Search papers, labs, and topics across Lattice.
The paper addresses the bandwidth sensitivity of Mean-Shift clustering, especially in data-scarce scenarios leading to over-segmentation. They introduce Doubly Stochastic Mean-Shift (DSMS), which incorporates randomness in both trajectory updates and kernel bandwidth selection. DSMS demonstrates improved stability and prevents over-segmentation in sparse clustering, outperforming standard and stochastic Mean-Shift on synthetic Gaussian mixtures.
Randomizing the bandwidth in mean-shift clustering acts as an implicit regularizer, dramatically improving stability and preventing over-segmentation in sparse data regimes.

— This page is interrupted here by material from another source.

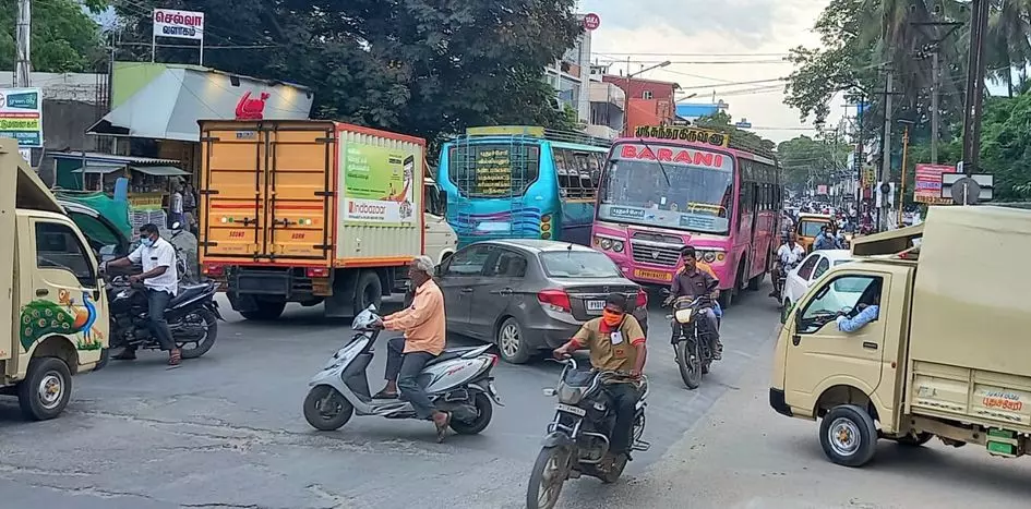குறிப்பாக பெருமாள் ராஜா கார்டன் பகுதியில் 80 அடி வரை அகலம் உள்ளது. ஆனால் சாலையின் நடுவிலேயே மின் கம்பங்கள் அகற்றப்படாமல் உள்ளன. அதையொட்டி ஆக்கிமிப்பு கடைகள் நெருக்கமாக இருப்பதால் போக்குவரத்துக்கு லாயக்கற்றதாக உள்ளது. ஆங்காங்கே பள்ளம் தோண்டப்பட்டு மூடப்படாமல் விடப்பட்டு இருப்பதும் விபத்துக்கு காரணமாகிறது.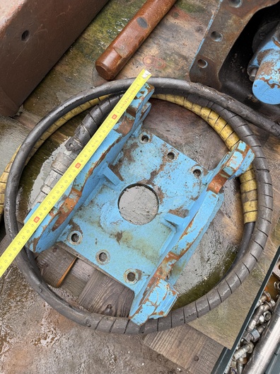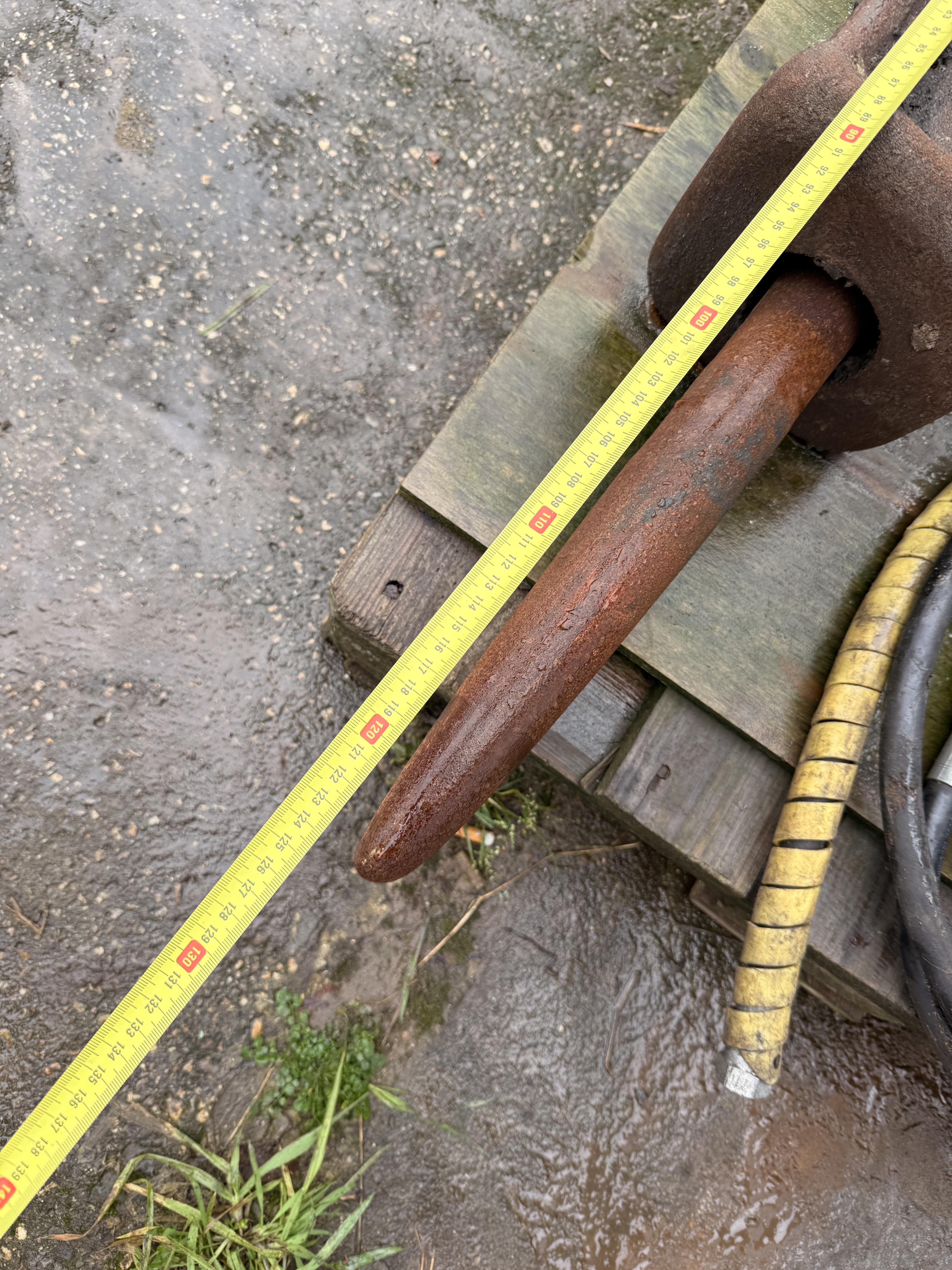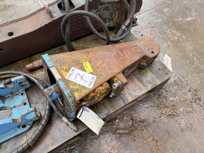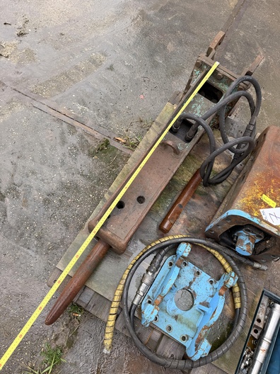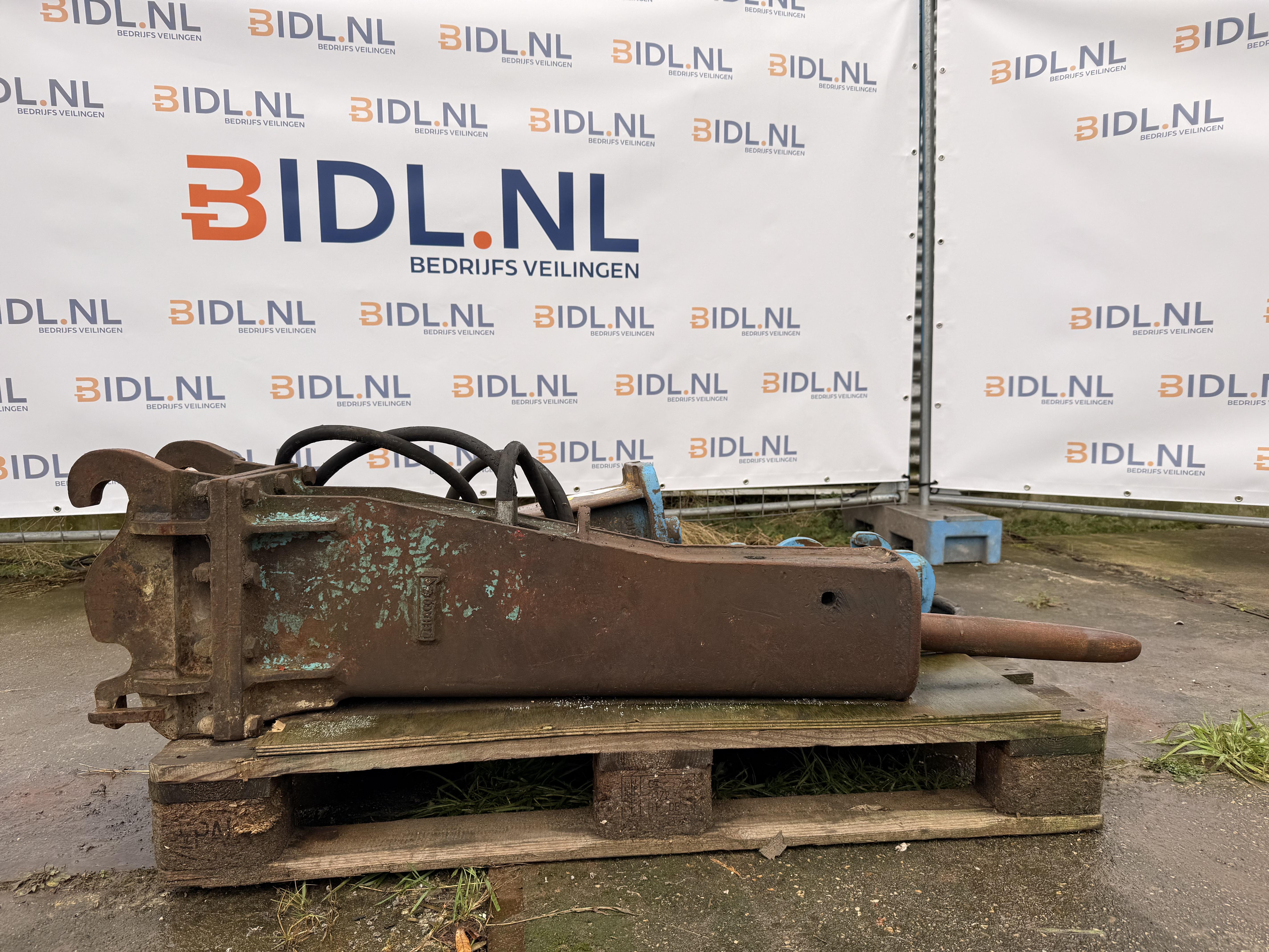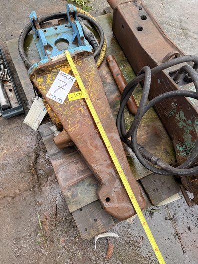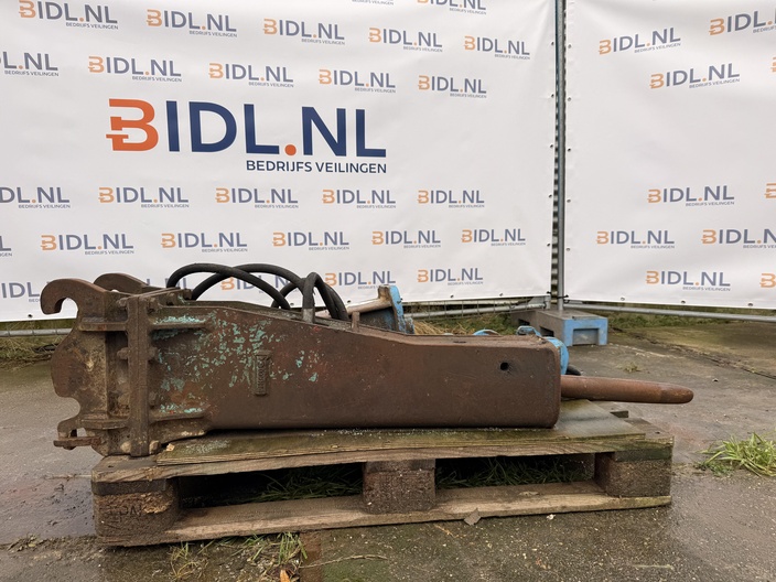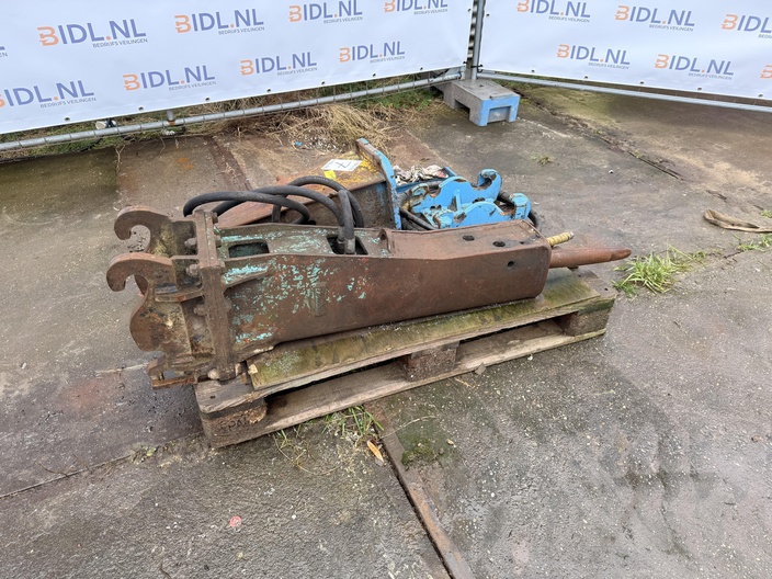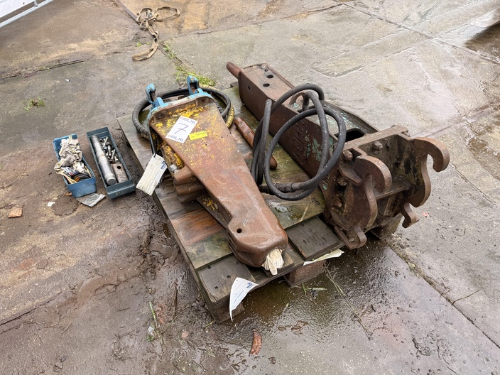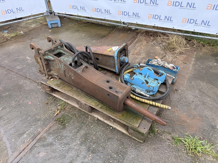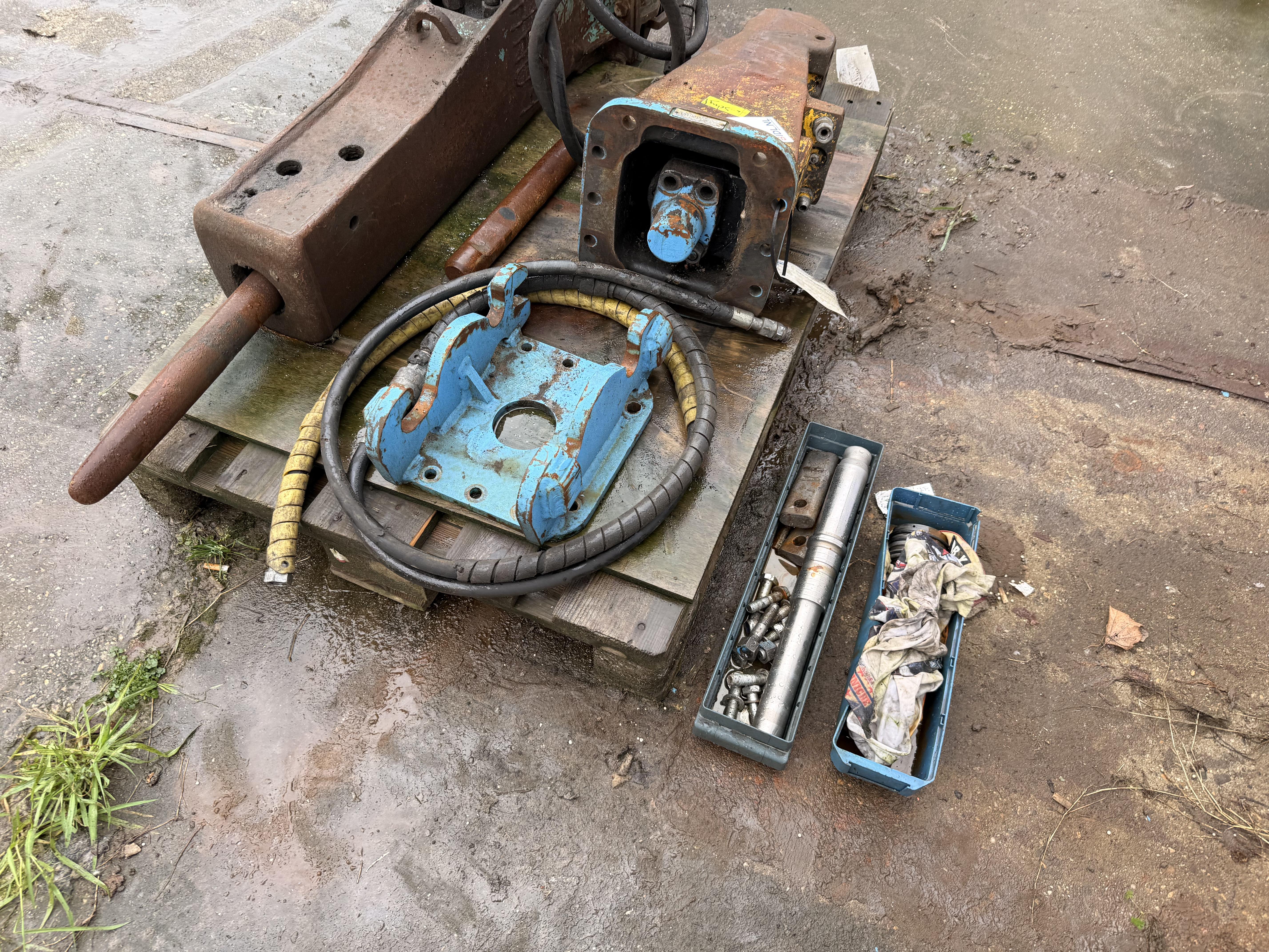 Hydraulische sloophamer / breekhamer geschikt voor montage aan een graafmachine. De set bestaat uit een hydraulische hamerunit met bevestigingsbeugel, hydrauliekslangen en meerdere losse onderdelen. Bij de hamer zijn verschillende beitels/punten aanwezig, evenals aanvullende montage- en bevestigingsdelen, zichtbaar los bijgelegd op de pallet. De breekhamer is uitgevoerd in staal en voorzien van hydraulische aansluitingen. Bevestigingsplaat en koppelingen zijn aanwezig; type snelwissel of exacte machinecompatibiliteit is niet vastgesteld. De set wordt geleverd zoals afgebeeld, inclusief losse onderdelen en accessoires die op de foto’s zichtbaar zijn. De breekhamer verkeert in gebruikte staat. Er is duidelijke roestvorming, lakschade en slijtage zichtbaar op de hamer, beitels, slangen en bevestigingspunten. De werking is niet getest. De set staat opgesteld op een houten pallet en wordt aangeboden in de staat zoals afgebeeld.

Standard Mean-Shift algorithms are notoriously sensitive to the bandwidth hyperparameter, particularly in data-scarce regimes where fixed-scale density estimation leads to fragmentation and spurious modes. In this paper, we propose Doubly Stochastic Mean-Shift (DSMS), a novel extension that introduces randomness not only in the trajectory updates but also in the kernel bandwidth itself. By drawing both the data samples and the radius from a continuous uniform distribution at each iteration, DSMS effectively performs a better exploration of the density landscape. We show that this randomized bandwidth policy acts as an implicit regularization mechanism, and provide convergence theoretical results. Comparative experiments on synthetic Gaussian mixtures reveal that DSMS significantly outperforms standard and stochastic Mean-Shift baselines, exhibiting remarkable stability and preventing over-segmentation in sparse clustering scenarios without other performance degradation.